Studying end of life care in the global context poses particular challenges due to the diversity of cultural meanings and expectations surrounding death and dying in different global settings.
With culturally specific ideas of the ‘good death’ and ‘bad death’, ‘end of life’ becomes a fascinating topic for me as an anthropologist.
In a palliative care situation, the stakeholders include the care providers, patients and their family members. Participation from the ‘stakeholders’ presents itself differently among different cultures and the body of the dying person becomes an arena for contested cultural assumptions.
The possible ‘clash of cultures’ becomes particularly problematic when the providers of palliative care in non-Western countries adopt guidelines developed in a Western context as their standard.
Although death is acknowledged as something that concerns the entire population, there is still a dearth of interest about end of life care within the domain of global health.
Global variations
End of life care is complex in nature: it is an interdisciplinary, holistic, comprehensive group concern.
There is also an extensive global diversity in terms of the understanding and application of end of life care procedures, and so it becomes difficult to frame the issue within the existing global health discourse.
Although demographic transition and increases in the aging population are a global phenomenon, different countries are at different stages of this transition. Moreover, there are wide disparities in regard to readiness of health systems for end of life care.
In countries where formal end of life care is available, there is limited agreement about an effective, sustainable, acceptable or appropriate end of life intervention.
In the UK, a pioneering country regarding end of life care, the once accepted Liverpool care pathway has now been highly criticised and recently reviewed.
Ethical and cultural challenges
I am becoming increasingly aware how challenging it will be to conduct research in such a highly sensitive situation as end of life care.
How can we marry the value of research and the needs of patients?
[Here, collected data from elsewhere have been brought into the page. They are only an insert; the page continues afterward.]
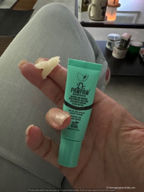 Ik had weer wat hoor! De lippenbalsem die ik altijd bij de zithoek heb staan was leeg, dus uit mijnvoorraadje plukte ik een tubetje van dr. Paw Paw – niet mijn favoriet als het op lippenbalsem aangaat maar vort, we maken het gewoon lekker op. Deze kwam uit de Lookfantastic box was een tijdje terug. Toen ik in het tubetje kneep hoorde ik wel een poef maar er kwam niets uit. Ik vermoedde al dat de achterkant kapot was gegaan maar ik zag niets dus gewoon nog een keer flink knijpen 😉 pff stommerd want inderdaad de achterkant was opengeklapt maar omdat ik een wit shirtje droeg die dag had ik dus niet gezien dat ik al een lekkere klodder om mijn trui had zitten ☹ gets, nou ja, ik gebruik hem gewoon de komende weken en dan kan hij als hij uitdroogt in de prullenbak. Lekker handige aktie weer haha.
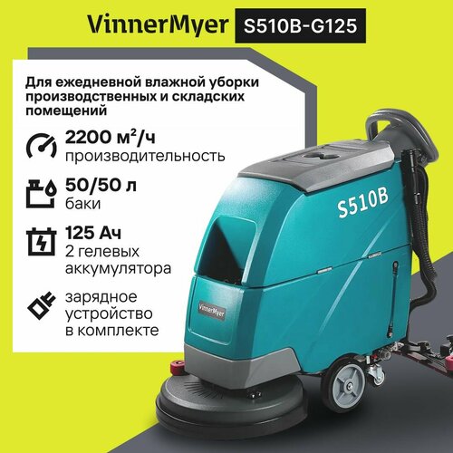 Аккумуляторная поломоечная машина VinnerMyer S510B для влажной уборки производственных и складских помещений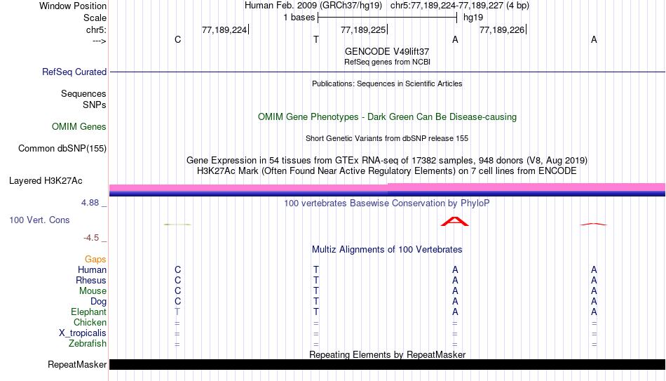 - MYB[chr5:77189224-77189227]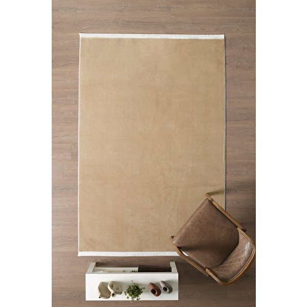 Modern Saçaklı Kaymaz Taban Tavşan Tüyü Kolay Temizlenebilir Yıkanabilir Salon Oturma Odası Yolluk Mutfak Halısı Bej Renk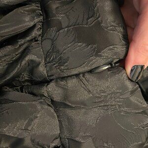 This dress is gorgeous with tie shoulder straps, hook and eye closure and zipper in back. Corset style fit and flare waist. Cherry blossom jacquard fabric Layered Angled waist seam Full gathered skirt Criss-cross back straps Hook & eye closure Center-back invisible zipper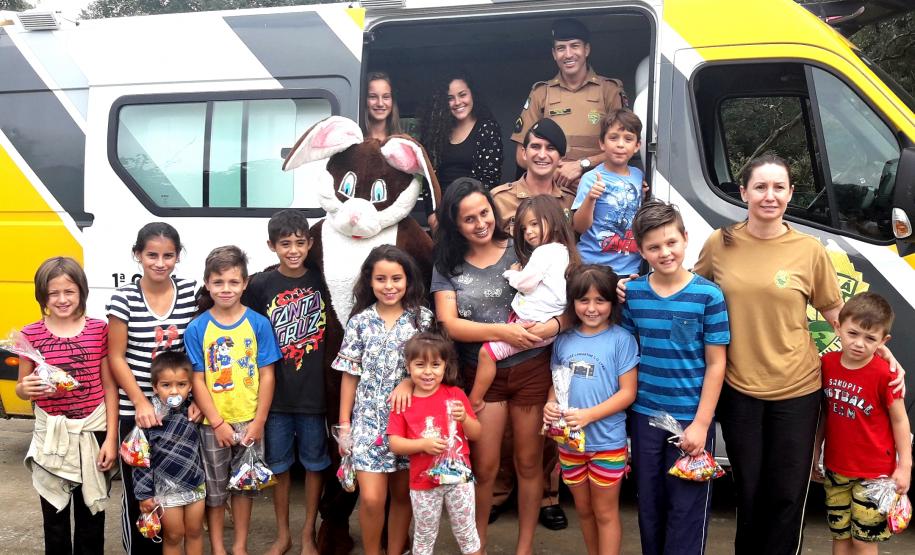 Policiais militares da 1ª Companhia Independente de Polícia Militar (1ª CIPM), pertencentes ao 4º Comando Regional da PM (4º CRPM), arrecadaram chocolates que foram doados para aproximadamente 320 crianças moradoras da zona rural da Lapa (PR), no Sudeste do estado. A entrega foi feita no sábado (31/03).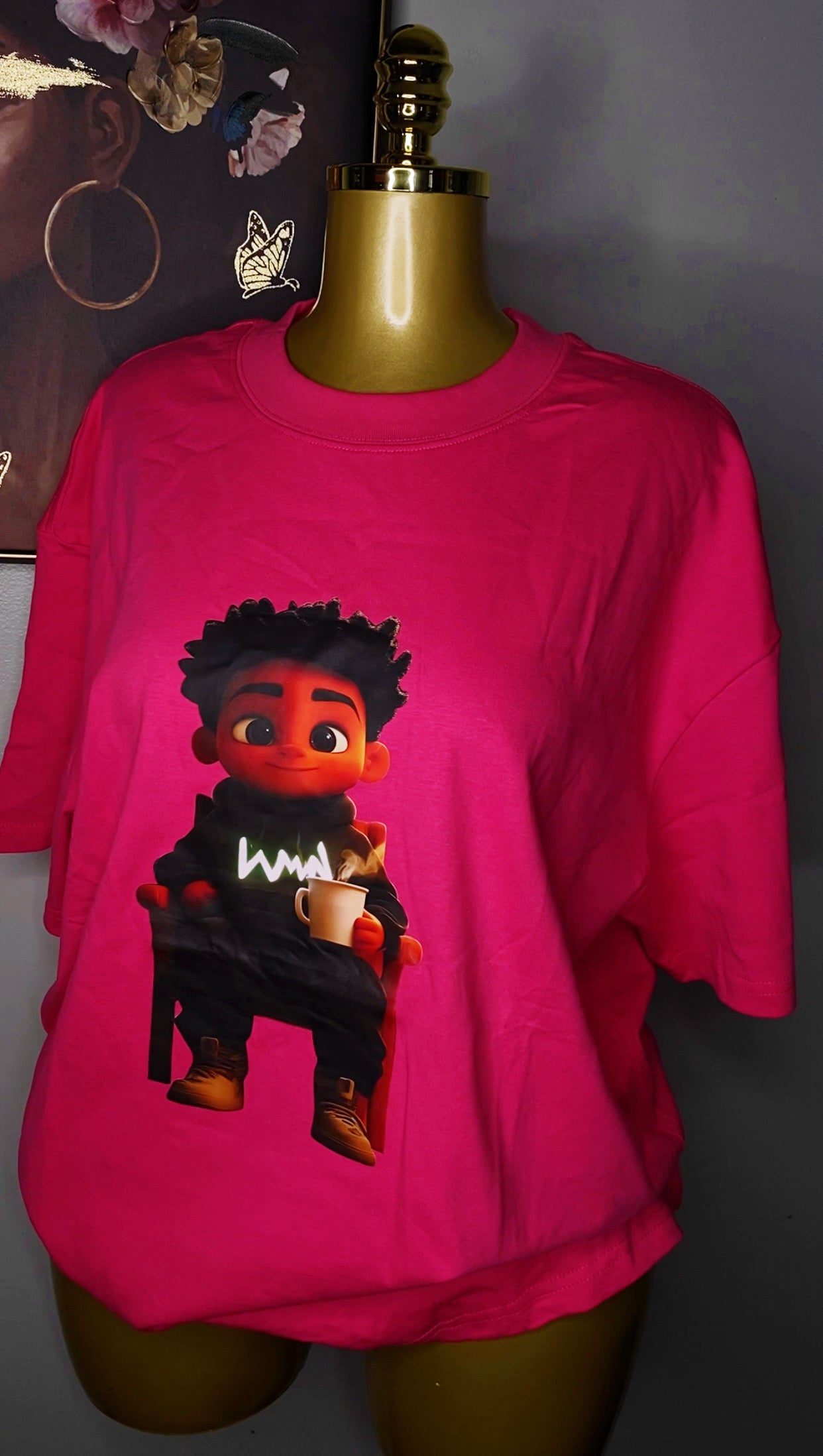 Bright, bold, and full of personality our Cool Kid Vibes Tee is the perfect mix of playful and stylish. Designed in a vibrant hot-pink shade, this oversized shirt features an adorable animated character sipping from a warm cup, giving effortless cozy-cool energy.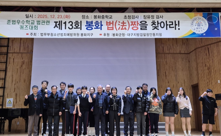 [뉴스스텝] 봉화군에는 지난 23일 법무부 청소년범죄예방위원 봉화지구협의회가 주최하는 2025년 준법우수학교 퀴즈대회‘제13회 봉화 법(法)짱을 찾아라’가 봉화중학교 대강당에서 성황리에 개최됐다.

Ethics in end of life research is a major challenge, which is far from being settled.
This is further complicated in non-Western developing countries.
I have witnessed the challenges of maintaining universal ethical standards regarding informed consent, confidentiality, respondents’ protection and privacy.
I compare my experience in a palliative care hospital in Bangladesh, where my father recently passed away, with the experiences of my colleague who works in palliative care in the UK, and I am struck by the substantial variations in the medical, moral, economic and family-related concerns of end of life care in these two very different countries.
Some of the ethical concerns based on Western assumptions are irrelevant in a context where there are no pre-existing ideas regarding research, or in some cases even the non-existence of a term for research. (Papreen Nahar and I examine this in detail in our 2011 paper ‘Searching for a lost cow‘.)
It is an certainly great challenge to act ethically while responding culturally.
The global future of death
I am startled by the fact that although 40 million out 56 million deaths worldwide are in low and middle-income countries, very little is known about how the end of life is dealt with in those countries.
One systematic review showed that almost 90% of the research studies on end of life care are from a few specific European countries.
How, then, should we formulate our ideas about the global future of death?
Should death be a ’specialized service’ like in many of the high-income countries that account for less then 15% of the world’s population? Or should death be everyone’s business, in the context of low and middle-income countries? What would be an effective, culturally appropriate, and sustainable global end of life intervention?
I believe our main theoretical and methodological challenge will be to identify ‘the particular’ within ‘the universal’ regarding end of life care.
As a medically trained medical anthropologist I have been working in the field of global health for more than a decade, covering diverse geographical areas including South Asia and Eastern Mediterranean countries. However, end of life care is a novel ‘zone’ for me.
I gain reassurance in the fact that I will be working under the leadership of one of the topmost figures in the world in the field of ‘End of Life Care’, Professor David Clark.
I have already started to sense how fascinating a research topic ‘death and dying’ – a universally occurring but ambiguously grasped human experience – is, particularly when seen from the global perspective.
I trust that, with the leadership of Professor David Clark and my two other wonderful colleagues Hamilton Indabas and Catriona Forrest, we will attempt to find answers to some of these questions as we progress with this project.
Dr Shahaduz Zaman
Having just read Atul Gawande’s book, Being Mortal and Changing the Way we Die, Smith And Himmel, I am intrigued by what we may learn about living and dying in old age from other societies. It seems to me that that the active professionalisation of dying and death in the West over the last decades will inevitably become too costly to sustain and reclaiming this area of life for the whole society will provide a way to reduce both suffering and cost at the end of life. I look forward to following the research of the team at the Crichton with great interest.